Jensen, Carl, and Project Censored. Introduction by Michael Crichton. Cartoons by Tom Tomorrow.
Publisher:  Four Walls Eight Windows, New York, USA
Year Published:  1996
Pages:  332pp   Price:  $20.95   Resource Type:  Book
Cx Number:  CX8348

Documenting how the U.S. mass media does a shabby job, deliberately or negligently withholding information of vital importance.

At the heart of Project Censored lies a conviction that the U.S. mass media does shabby service to the citizenry, deliberately or negligently withholding information of vital importance. For the purposes of the Project, censorship was defined as "the suppression of information, whether purposeful or not, by any method - including bias, omission, under-reporting, or self-censorship - which prevents the public from fully knowing what is happening in the world."

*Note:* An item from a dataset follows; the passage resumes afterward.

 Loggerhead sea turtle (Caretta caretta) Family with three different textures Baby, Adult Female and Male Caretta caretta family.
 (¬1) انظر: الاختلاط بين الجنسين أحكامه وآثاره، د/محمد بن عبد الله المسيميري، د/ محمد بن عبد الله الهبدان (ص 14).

Each year, Project Censored produces reports citing what are considered the top 10 underpublished stories of the previous year, as Jensen says in the current report "the stories that many Americans have not seen or hear about - but should have."

The main aim, says Jensen, is to stimulate journalists, editors, producers and publishers to support more muckraking investigative journalism, to act as the "irritating grain of sand" that makes oysters produce pearls.

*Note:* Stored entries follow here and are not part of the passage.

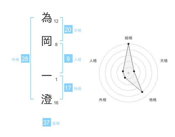 為岡 一澄さんの総格は37画の5点!
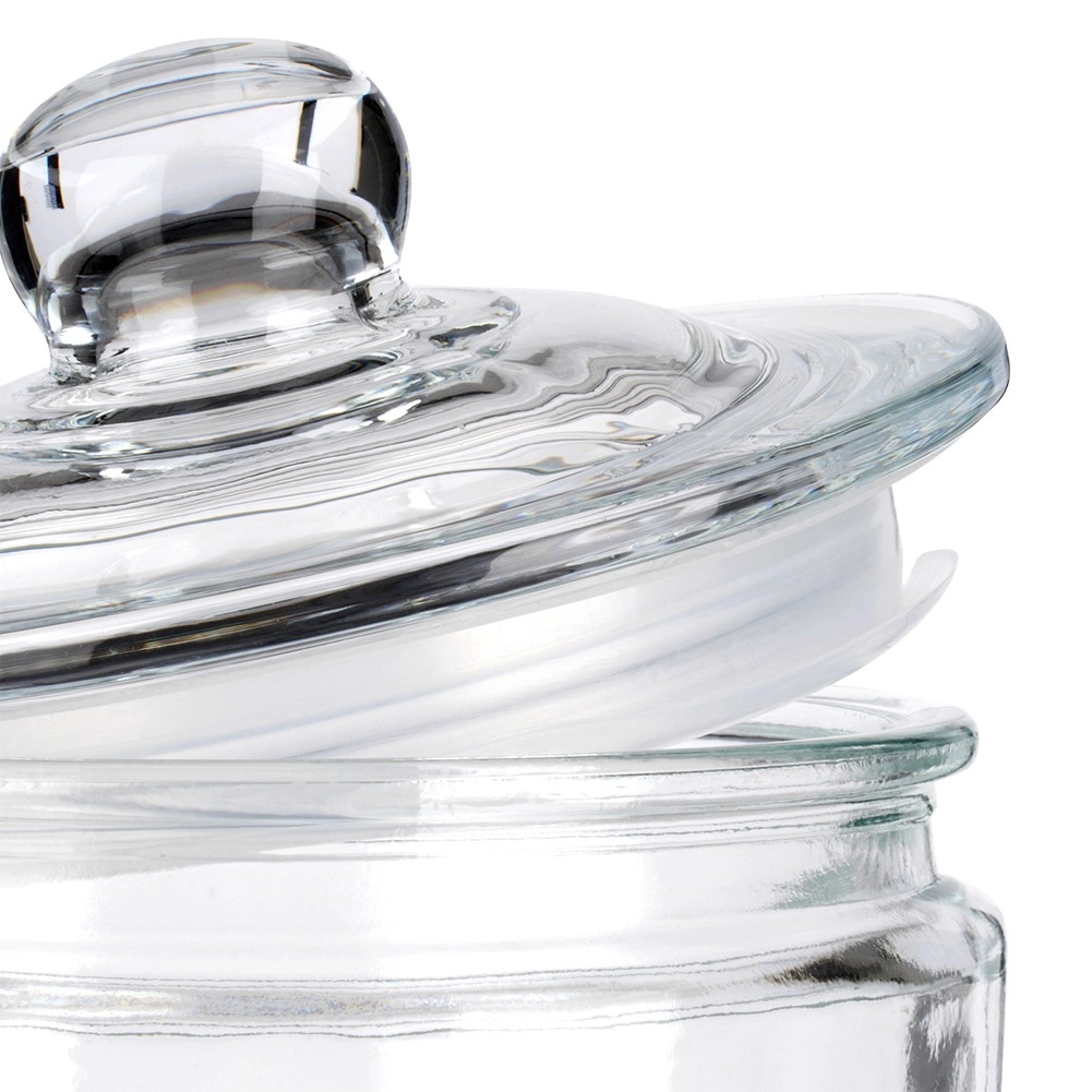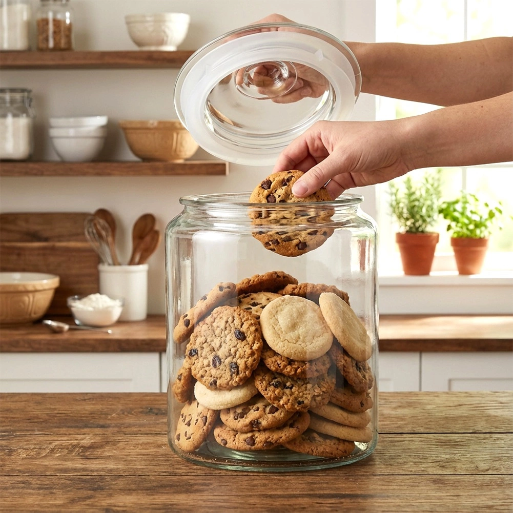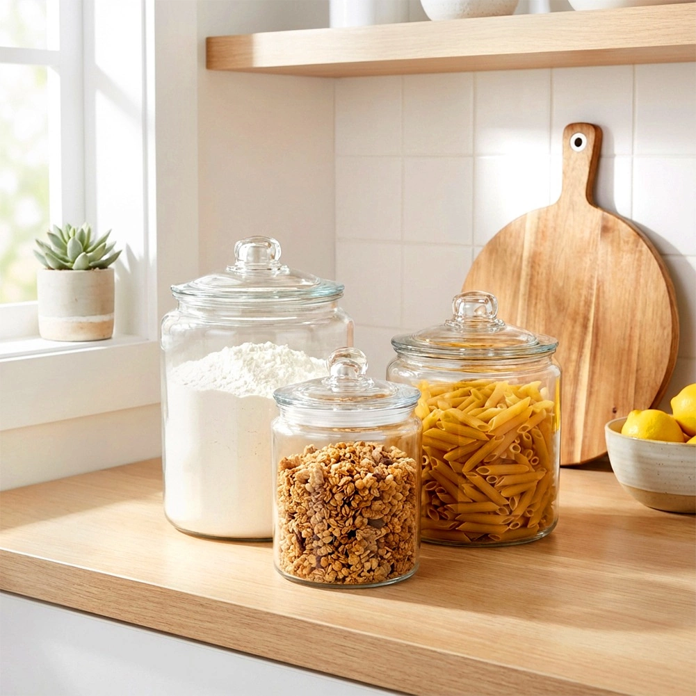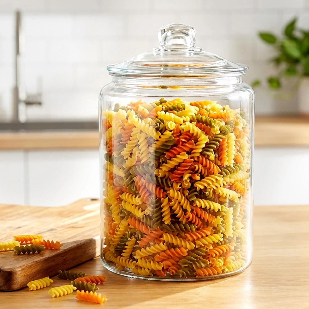 Wytrzymałe, klarowne szkło umożliwia natychmiastową kontrolę zapasów i estetycznie eksponuje makarony, mąkę czy ciasteczka na kuchennym blacie.
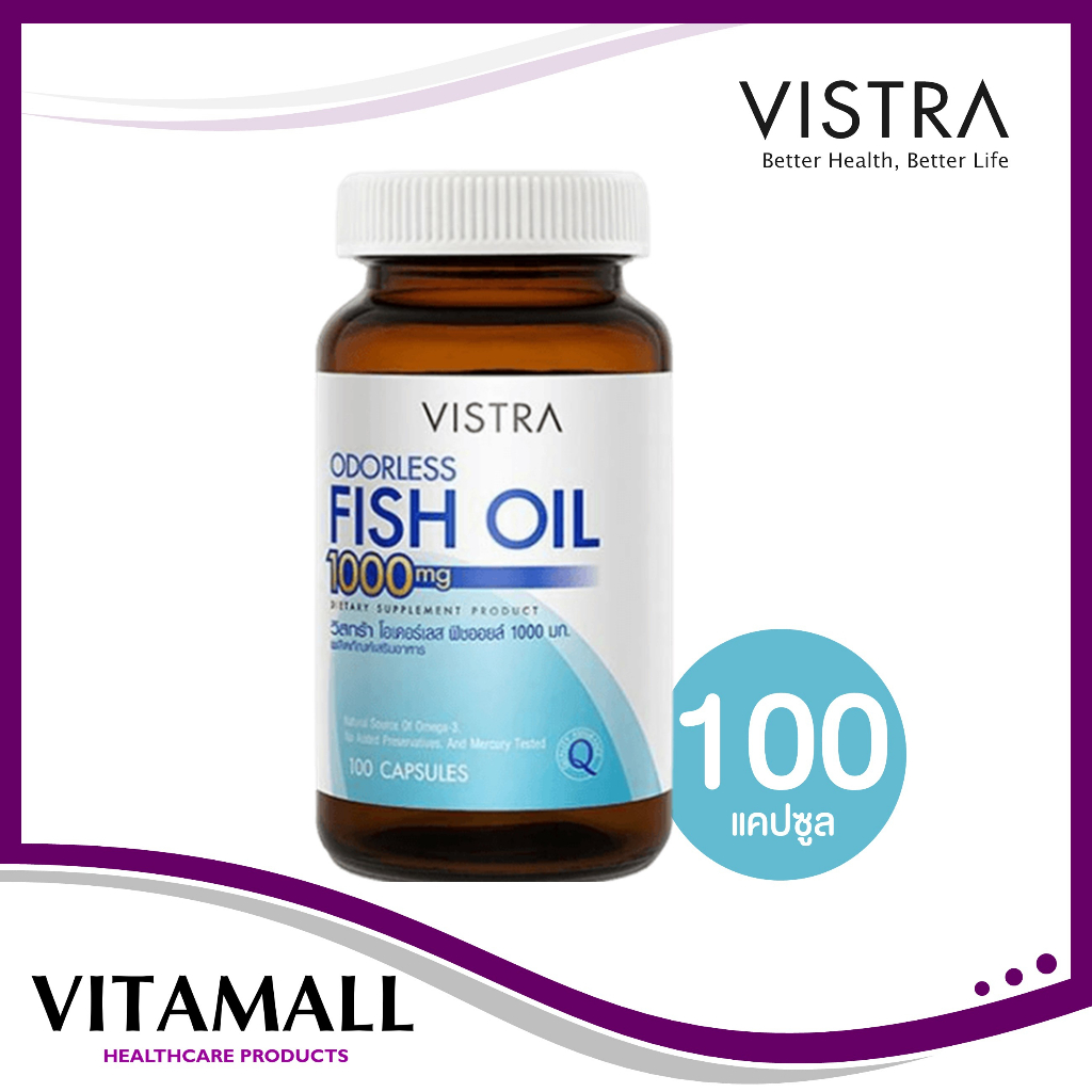 Vistra odorless fish oil 1000mg (100 แคปซูล) วิสทร้า โอเดอร์เลส ฟิชออยด์ นำ้มันปลา สูตรไม่มีกลิ่นคาว

Why do the media fail to cover critical issues consistently and comprehensively? Jensen argues it's not a conspiracy on the part of the media elite, though noting that currently fewer than 20 corporations control most of the mass media.

"Nonetheless, the bottom line explanation for much of the censorship that occurs in the mainstream media is the media's own bottom line. Corporate media executives perceive their primary, and often sole responsibility to be the need to maximize profits, not, as some would have it, inform the public. Many of the stories cited by Project Censored are not in the best financial interests of publishers, owner, stockholders, or advertisers.

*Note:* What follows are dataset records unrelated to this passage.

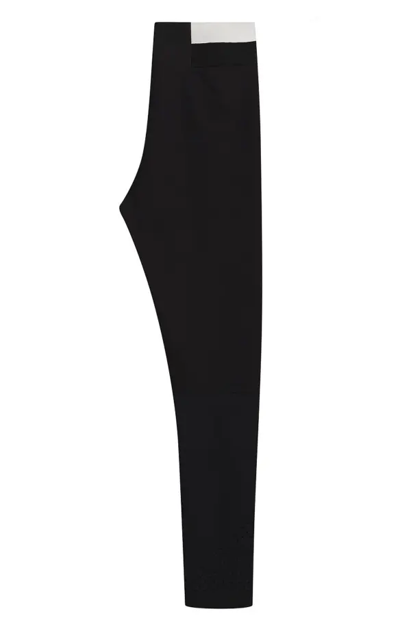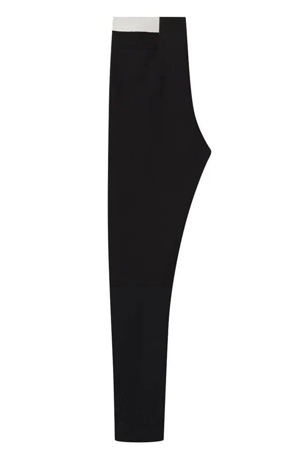 Легинсы Moncler черного цвета с эластичным поясом, украшенным контрастным логотипом бренда. Изделие выполнено из плотного эластичного материала с перфорацией и глянцевыми вставками, что подчеркивает спортивный стиль и современный силуэт.
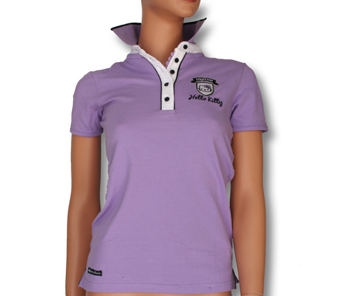 Velmi kvalitní fialové triko s límečkem značky Equiline s motivem Hello Kitty. Triko je dostupné ve velikosti XS. (Pozor jedná se o italské číslování, proto je vhodné zvolit vždy o číslo větší velikost, než běžně nosíte.)
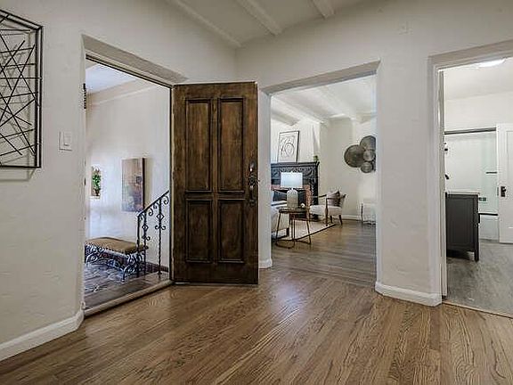 Welcome to this extraordinary 2 bedroom, 2 bathroom condominium located in an elegant Spanish revival style building with a large courtyard and welcoming fountain. Spanning approximately 1,600sf, this unit located on the first floor, offers a blend of comfort and modern amenities. The formal entry with 2 closets leads to the grand living room boasting a striking fireplace and a delightful dining room adjacent to the recently updated kitchen equipped with newer appliances, including a dishwasher, microwave, electric oven range, refrigerator, and a wine refrigerator. The home features high ceilings and beautiful hardwood flooring throughout, adding elegance and warmth to the living spaces. The 2 spacious bedroom suites have ample closet space and one of the bedrooms has a tiled alcove that can be used as an office or workout area.

Equally important, investigative journalism is more expensive than the 'public stenography' school of journalism. And, of course, there is always the 'don't rock the boat' mentality which pervades corporate media boardrooms and filters on down to the newsroom."

There are other "filters" to block certain issues from the main media advanced in the PCC yearbook including:
- the culture of journalism, that sees journalists sharing a point of view that is oblivious to the concerns of working people and other socially marginalized persons;
- the economics of news that sees newsroom staffs shrinking and investigative reporting too expensive;
- a reliance on official sources, that sees the powerful and the privileged getting "over-access" to the media while stories that may run against the grain of those sources are excluded;
- pack journalism that sees the media playing it safe with "follow-the-leader" coverage;
- technology that sees, as Neil Postman postulates, television with its "no-picture-no-go" gospel dominating and shaping the very nature of what is news.

The Yearbook includes a useful "eclectic chronology of Censorship from 605 B.C. (. . . Jehoiakim, the king of Judah, burned Jeremiah's book of prophecies . . .) to 1995 ( . . .Random House announced it would publish A Long Fatal Love Chase, a novel by Louisa May Alcott that had been censored more than a century earlier for being too sensational.)"

Also listed with summaries in each case are 1994's 20 top censored books (all published but with little notice) and the top 10 "junk food" news stories, topped, of course, by the O. J. Simpson case and including among other showbusy items "the British royals."

Both the U.S. and Canadian Yearbooks include synopses of all the selected shortlist stories (25 and 17 respectively) and in the U.S. edition the top stories are printed in full, as originally published.

Alternative media resource guides are included as appendice. The book offers 25 pages of listings including broacast and film, electronic new services, periodicals, libraries, columnists and news services.

The Top 10 U. S. Censored Stories of 1995
1. Unfinished Business -- Occupational Safety Agency keeps 170,000 exposed workers in the dark about health risks incurred on the job. Source: Health Letter.
2. Right-Wing Confidential -- The Council for National Policy (CNP), a powerful, virtually-secret organization of 150 ultra-conservative leaders is seen responsible for a sharp right turn in U.S. politics. Source: In These Times.
3. Flak for Defense Merger -- A secret Pentagon plan to subsidize mergers among defense contractors. Source: Newsday.
4. Poisoning Ourselves -- The impact of incineration on food and human health. Source: Government Accountability Project.
5. Full of Holes -- Clinton's retreat on the ozone crisis. Source: In These Times.
6. Protecting Government Against the Public -- 1947 AEC memo reveals what human radiation experiments were censored. Source: Secrecy and Government Bulletin.
7. Special Report: A Farewell to Fish? -- 60 billion pounds of fish wasted annually. Source: Mother Jones.
8. Why Don't We Stop Tuberculosis? -- TB has surged back and now kills more people than any other infectious or communicable disease in the world. Source: World Watch.
9. Project HAARP -- The Military's plan to alter the ionosphere. Source: Earth Island Journal.
10. Crimes Against Women -- Media part of problem for masking violence in the "language of love." Source: USA Today.